Reviewed by Duncan Forbes, posted on April 7, 2009

Get over your Garamonds, your Caslons, and especially your Bembos. We don’t need your classic proportions here.

We are after something wider, sharper, maybe with a sense of Old English spirit. We aren’t worried about what is in fashion — we never have been — we want our read to be interesting, not vogue boring.

We want our book covers and art catalogues to have a marked unevenness, a tension with subtleties that start to pierce your eyes with the sharpness of a Baroque knife but end with terminals like the middle-aged spread of a Dutch comedian.

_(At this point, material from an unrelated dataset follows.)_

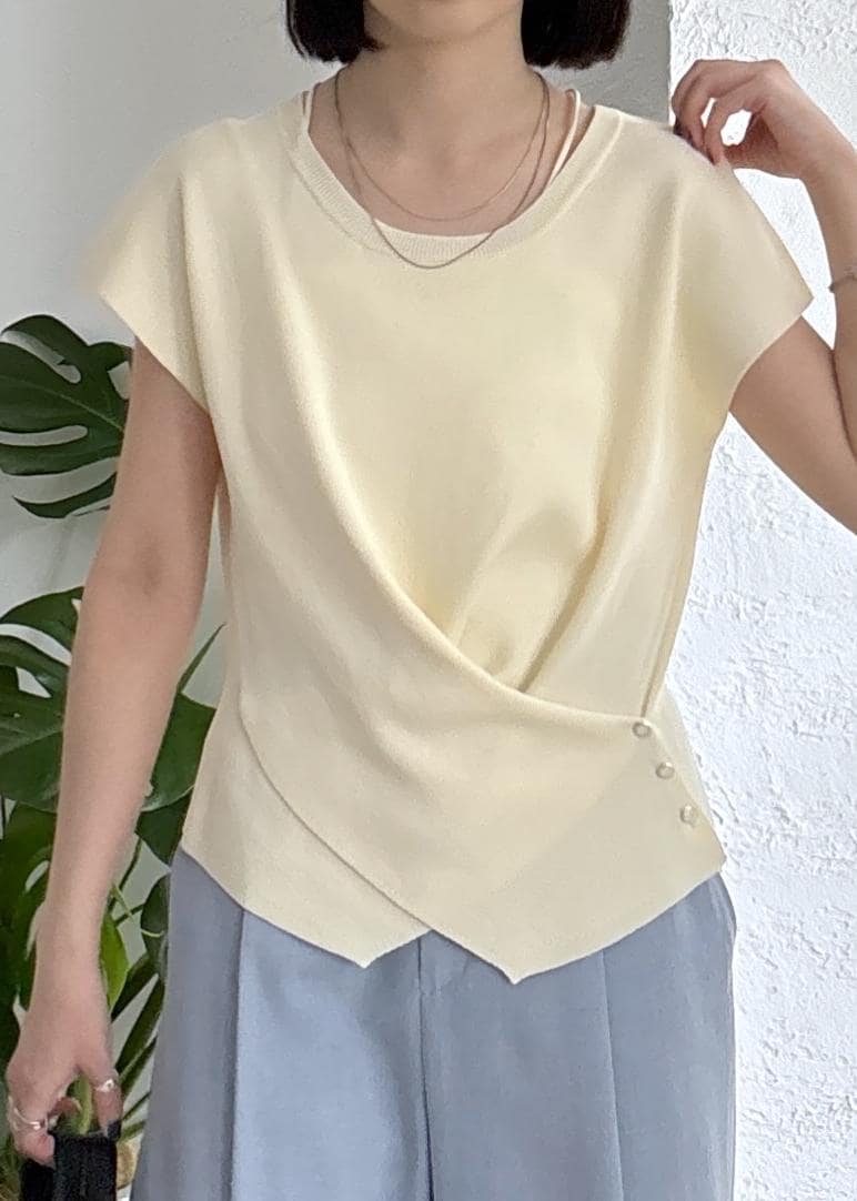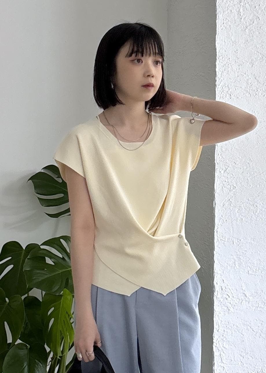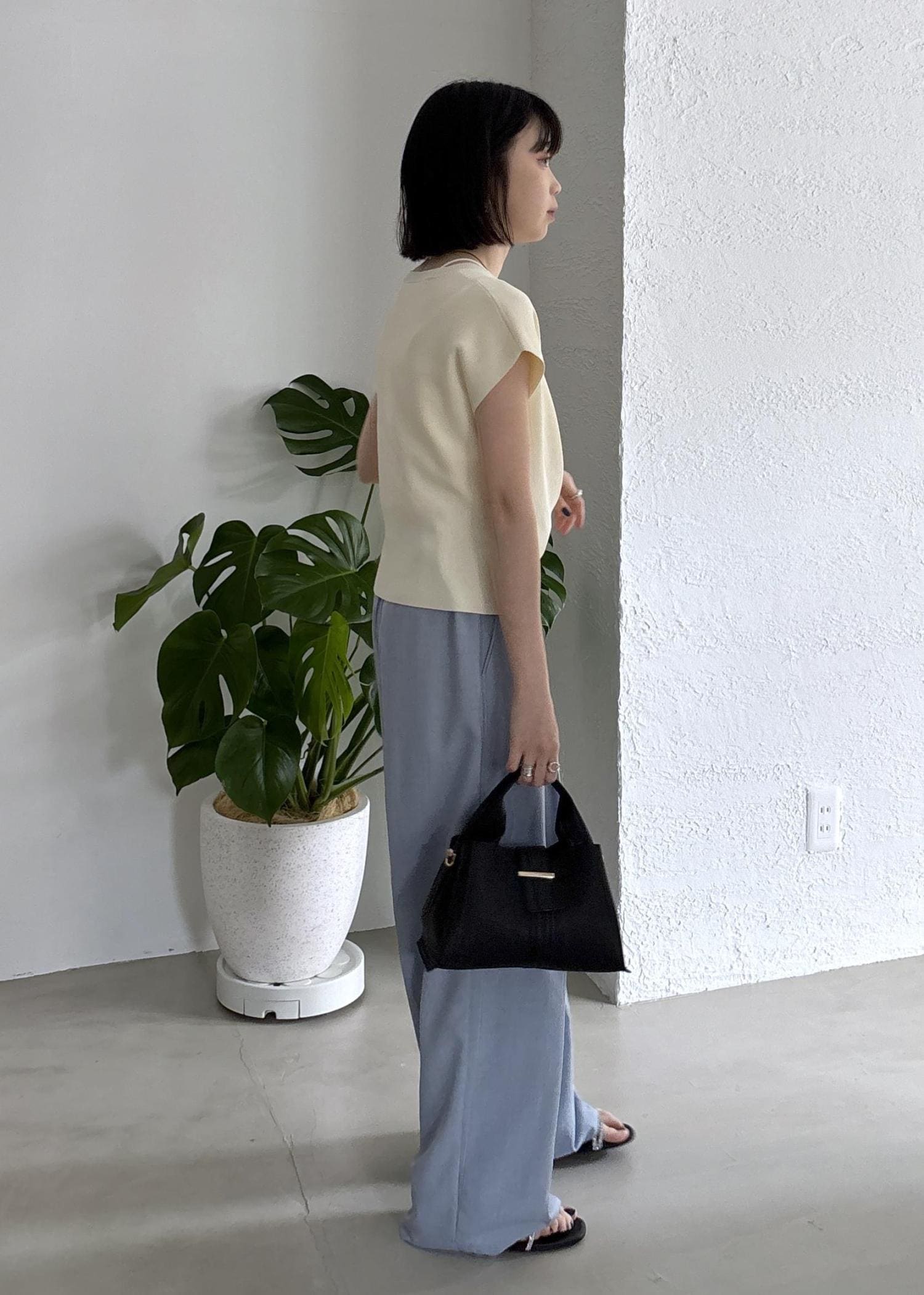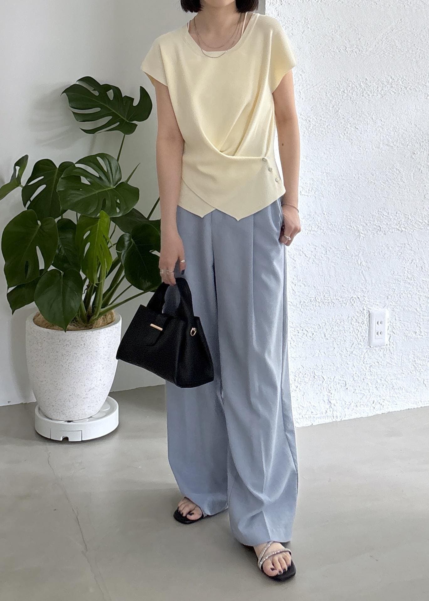 着ているものは少ないですが、トップスのデザイン性とパンツの華やかなカラーでオシャレ見え✨
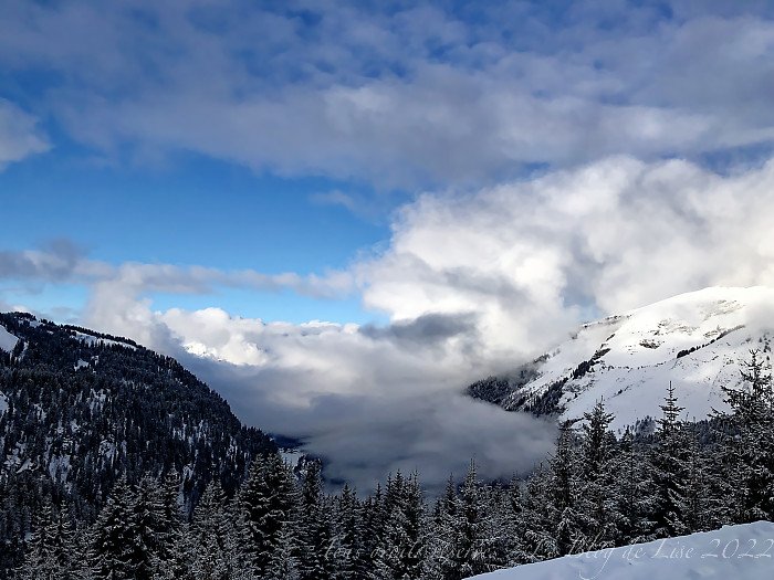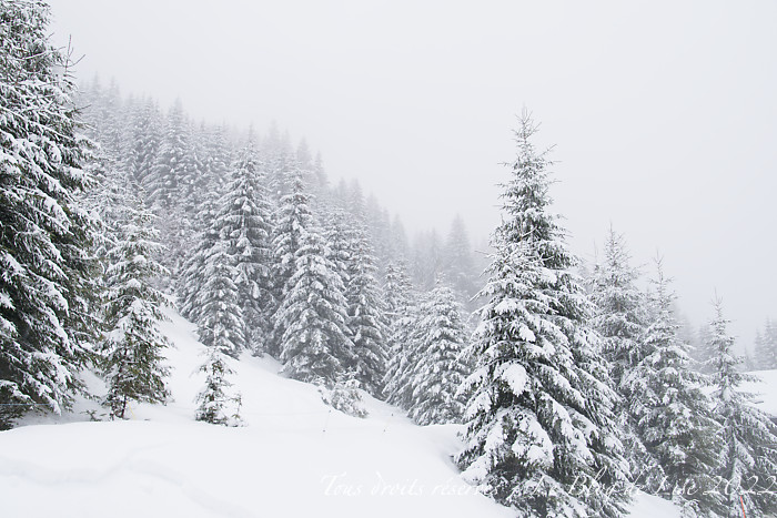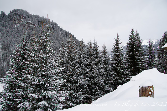 J’ai skié partiellement dans le brouillard le premier jour. Le lendemain, après les chutes de neige, le brouillard descendait trop bas à mon goût, je ne suis pas allée sur les pistes… J’ai fait une balade à Châtel et en ai profité pour sortir le Sony Alpha 7 III !

We need these subtleties, they are the spirit of the time mixed with the spirit of our time. Warm? Sure, but not an attack of the friendlies. Even in the bold, where it has more prominence, it keeps a low contrast grounding. And what of the figures you say? Oh, the figures. They are less restrained than the letters, a youthful experiment. Indeed, a beautiful collection of letters.

This is what we want, but can not have. No. Not yet.

Duncan Forbes is one half of the design duo The International Office in Wellington, New Zealand.

2 Comments

  1. Can’t wait for this one to go public. Their website says 2011.

  2. Hazel says:

    wow! I believe I may have found a great type designer. This is absolutely beautiful. Can’t wait for 2011 then.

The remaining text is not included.